Familial nephropathies associated with glomerular proteinuria have been described in several breeds of dogs; in only a few has the mode of inheritance been established: Samoyed (X-linked), English cocker spaniel (autosomal recessive), bull terrier (autosomal dominant), Dalmatian (autosomal dominant), Bernese mountain dog (suspect autosomal recessive), Brittany spaniel (autosomal recessive), Chinese Shar-Pei (suspect autosomal recessive). Doberman pinscher, bullmastiff, Newfoundland, rottweiler, Pembroke Welsh corgi, beagle, English foxhound, soft-coated Wheaten terrier, and others.

Incidence/Prevalence

• In a study of urinalysis data from 500 dogs, the prevalence of proteinuria was approximately 19%.
• The prevalence of microalbuminuria was 25% in 3,041 dogs and 25% 1,243 cats.
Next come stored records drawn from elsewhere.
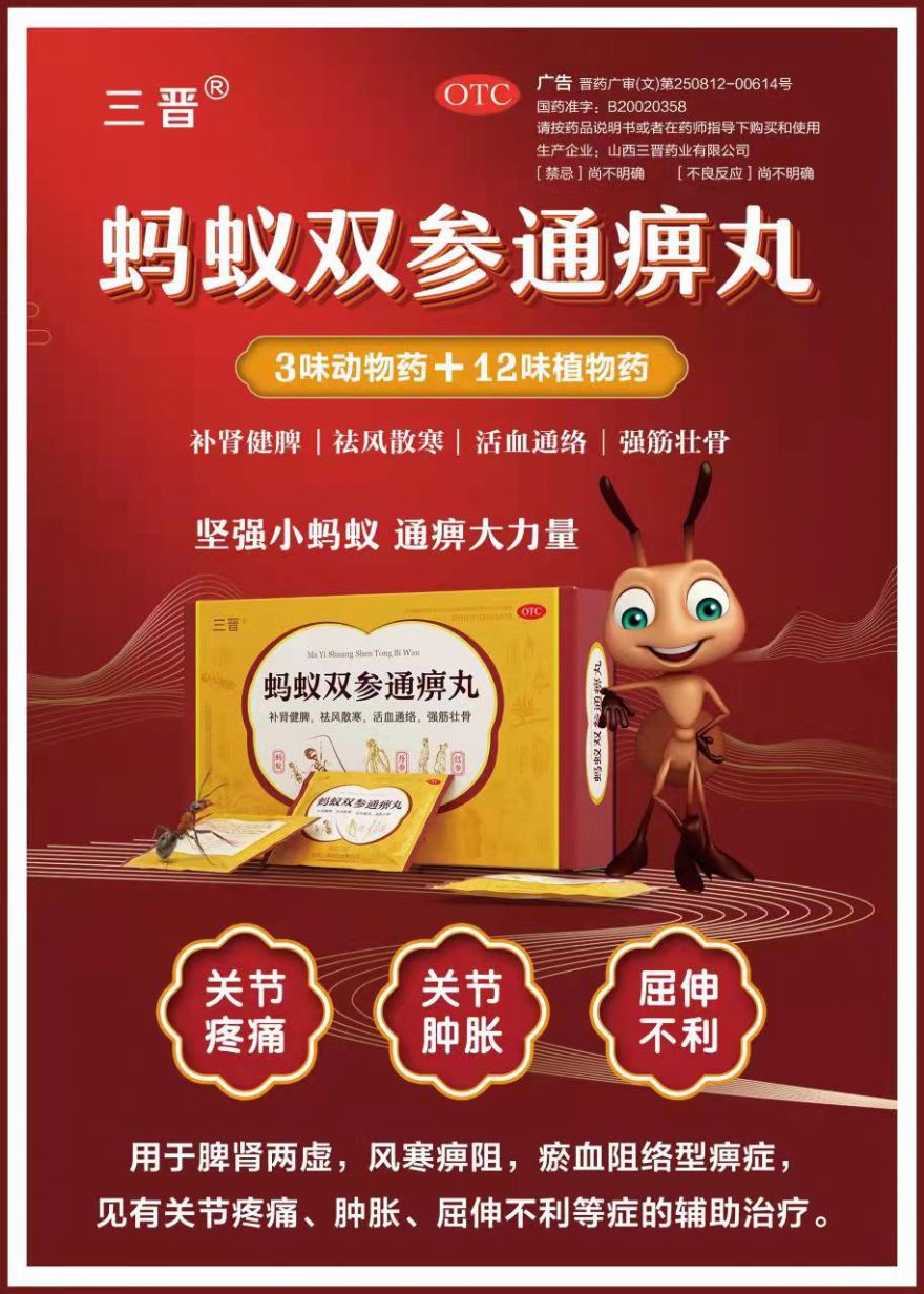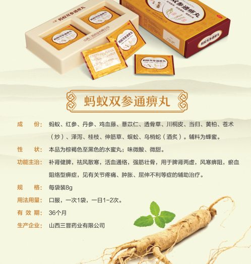 产品优势专利产品,列入国家专利配方。强效组方:同时含有动物药和植物药,三晋药业蚂蚁双参通痹丸中用的蚂蚁是棕褐沙林蚁,同时加入蜈蚣、乌梢蛇,用虫类药疏通逐邪,引药深入,深入骨缝中搜剔经络之邪。功效补肾健脾,祛风散寒,活血通络,强筋壮骨,全方位从肝肾脾入手,风寒湿同治,疏通筋络。安全长效:中药制剂,扶正固本,标本兼治。临床总有效率达到96.6%,治愈率42.3%。
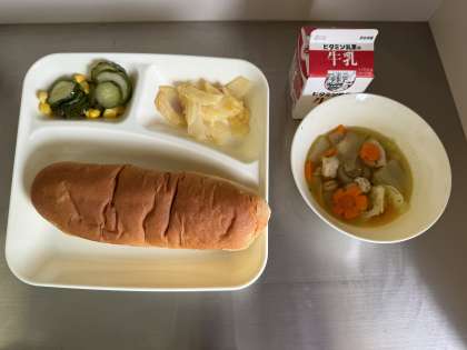 今日の給食は、黒糖パン、牛乳、鶏肉とてぼ豆のスープ煮、ベーコンとじゃがいものチーズ焼き、きゅうりとコーンのサラダでした。
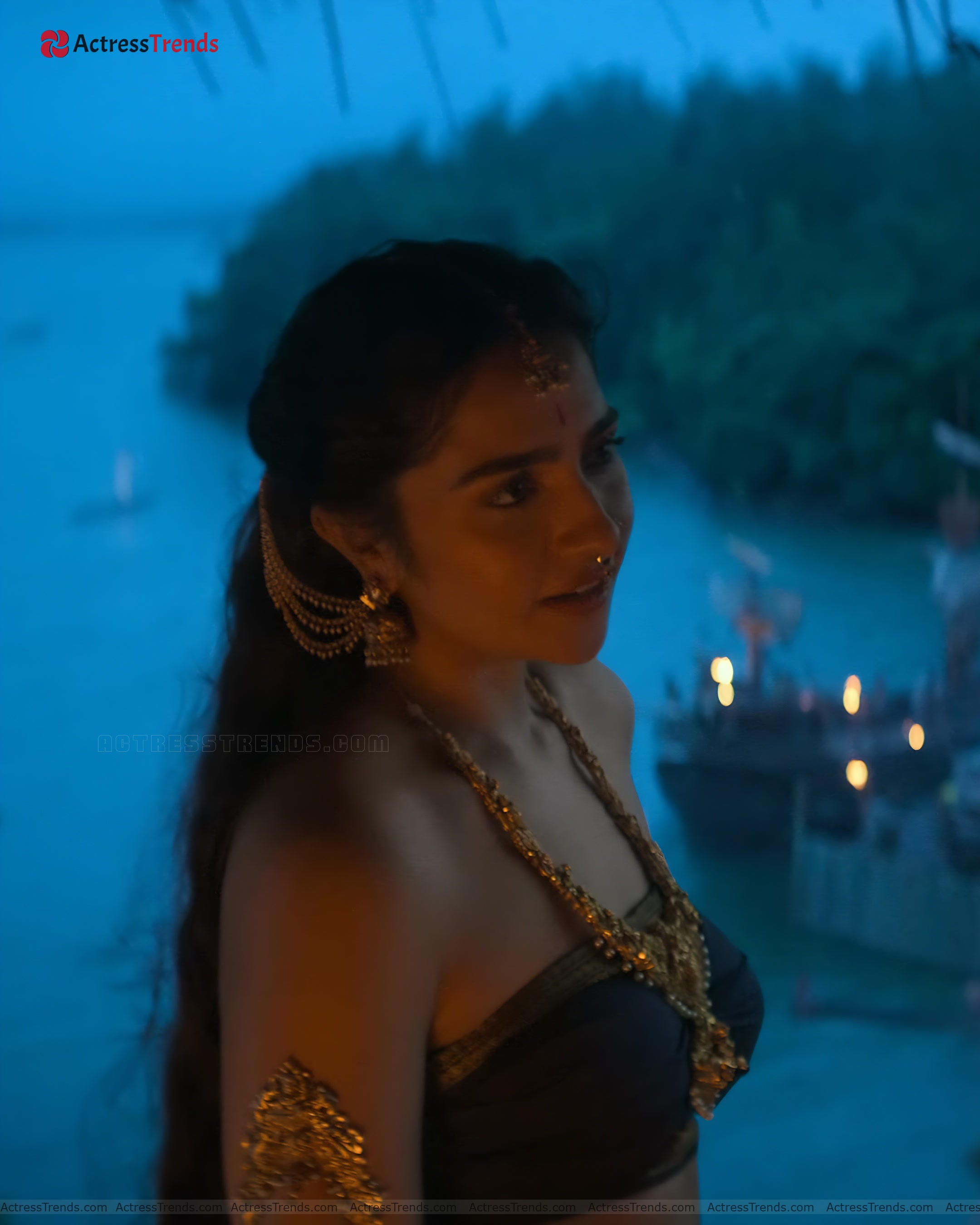 Rukmini Vasanth Green Saree Saree Photoshoot Celebrity Fashion Shoot Backless Blouse Style

Prevalence increased with advancing age.

Signalment

Signs

• Vary with underlying cause and severity of proteinuria.
• Patients with glomerular proteinuria are frequently asymptomatic or have signs attributable to underlying diseases.

Causes

Risk Factors

• Chronic inflammatory (e.g., infectious and immune-mediated) and neoplastic diseases can lead to development of glomerulonephritis or amyloidosis. Examples include dirofilariasis, ehrlichiosis, borreliosis, babesiosis, chronic bacterial infections (e.g., endocarditis, pyoderma), pyometra, bartonellosis, FIV, mast cell tumor, lymphosarcoma, hyperadrenocorticism, and systemic lupus erythematosus.
• Systemic hypertension.
• Chronic hyperlipidemia (e.g., miniature schnauzer).
• Multiple myelomas can produce paraproteins resulting in Bence-Jones proteinuria.

Differential Diagnosis

Differentiate prerenal, post-renal, and renal tubular from glomerular causes.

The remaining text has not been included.